The Feast of the Rose Garlands is now the focus of an important exhibition (21 June - 1 October 2006) and a superb catalogue curated by Olga Kotková. This celebrates the 500th anniversary of the painting's completion and the 400th anniversary of its arrival in Prague. Although the past literature on the altarpiece is extensive, this catalogue offers the most thorough discussion, one filled with new insights and archival discoveries. The catalogue has four basic sections: Venice 1506-1606, the Prague Castle 1606-1782, the Strahov Monastery 1793-1934, and the State Collection 1934-2006.

Isolde Lübbeke's "Dürer's Visualization of an Imagined Community" provides an excellent recounting of the painting's commission, iconography, and artistic sources.

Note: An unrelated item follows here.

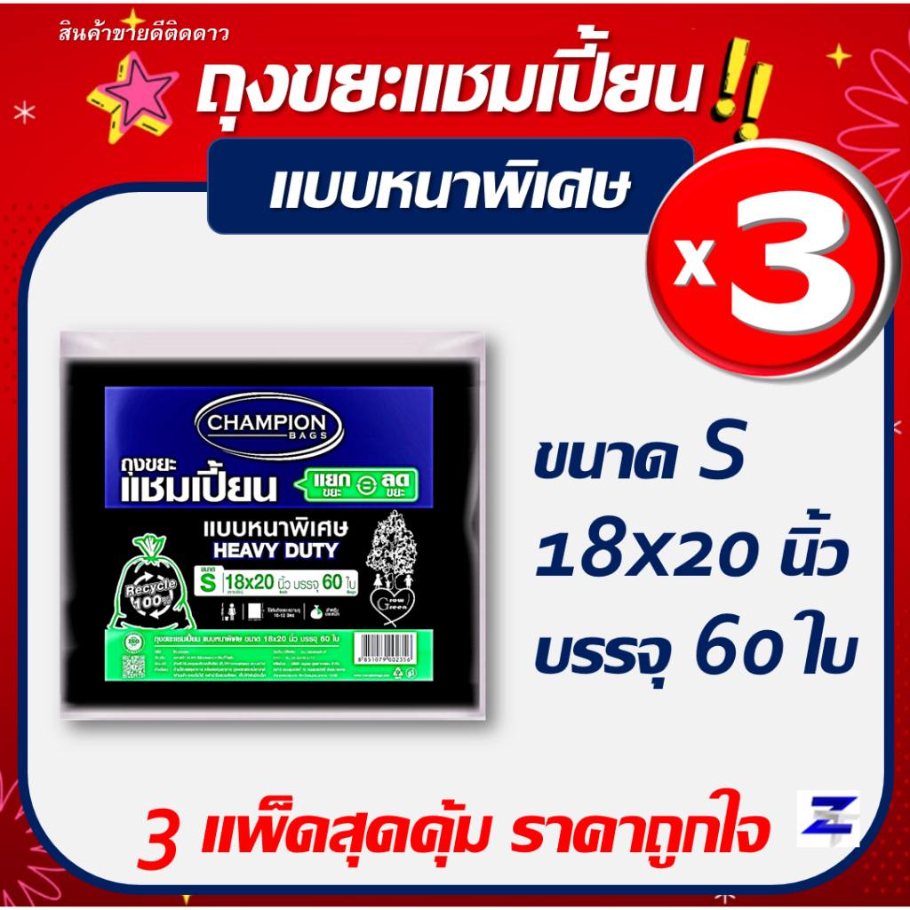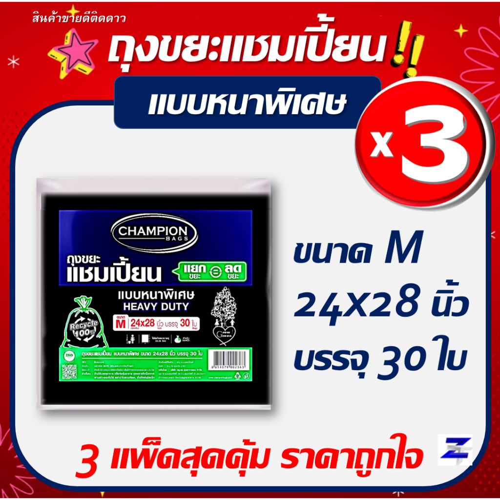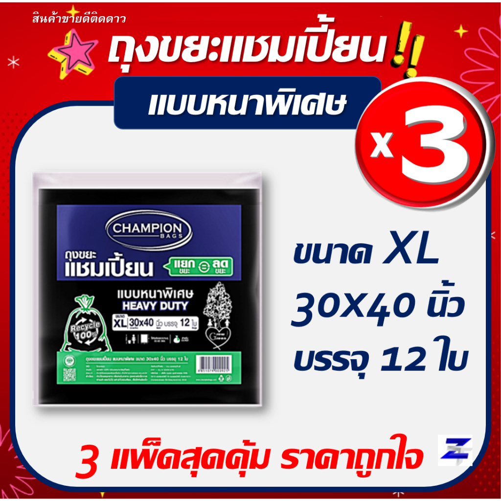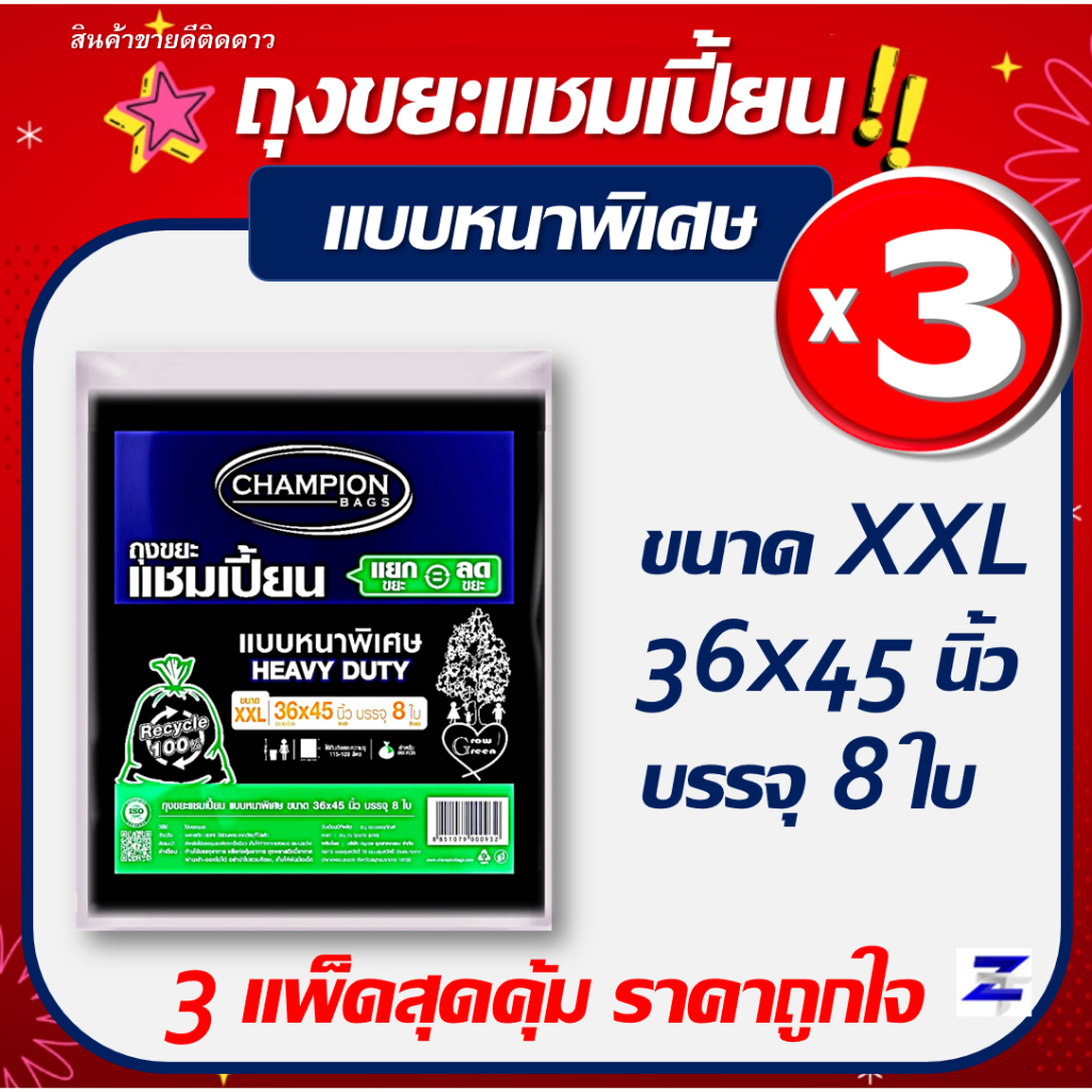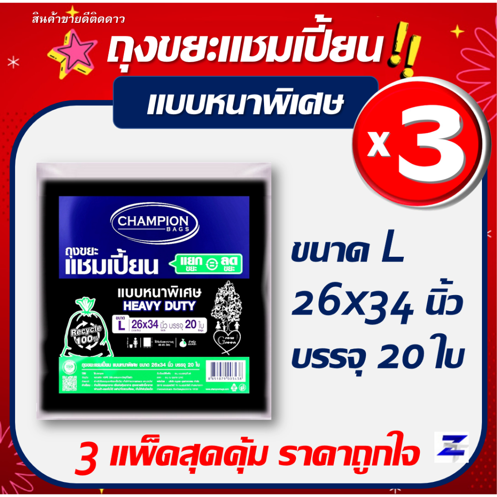 พิเศษแพ็ค3 สุดคุ้ม ถุงขยะแชมเปี้ยน Champion Bags แบบหนาพิเศษ HEAVY DUTY มี 5 ขนาด เนื้อหนา เหนียว รับน้ำหนักได้มาก

Maybe because this is the best known chapter in the painting's history, I found some of the author's observations to be overly speculative. Lübbeke does not question the largely unsupported identifications of the various figures portrayed in the picture. Neither does she entertain that it might have been a group representing the brotherhood rather than a single individual (a Fugger?) who commissioned the painting. If Dürer used the studio of Cima da Conegliano, it is surprising that his extant letters to Pirckheimer make no mention of this. Lübbeke assumes too that Dürer had the commission before coming to Venice and that he brought along a portrait of Emperor Maximilian. The prototype for this is an Italian, not a German, profile portrait; see catalogue number I./4. Finally, Lübbeke emphasizes the importance of Stefan Lochner's Adoration of the Magi (Cologne, Cathedral) as a direct source for Dürer; however, there is no firm evidence that the Nuremberg artist saw this painting before 1520.

Stefan Bartilla's "The Brotherhood of the Rosary from Its Origins to Dürer's Time" offers a stimulating examination of the rise of the rosary devotion and the sudden emergence in brotherhoods across the Holy Roman Empire and in Italy. Venice's confraternity was established in 1480. Ludomίr Konečný's "Catching an Absent Fly" explores the illusionistic fly that Dürer once painted on the Virgin Mary's robe. This now lost trompe-l'oeil fly, however, does reappear whimsically printed on various pages of the catalogue. Konečný discusses the classical roots of artists mimicking nature as proof of their pictorial skills plus the diverse meanings that the fly's inclusion might have had for Dürer's contemporaries.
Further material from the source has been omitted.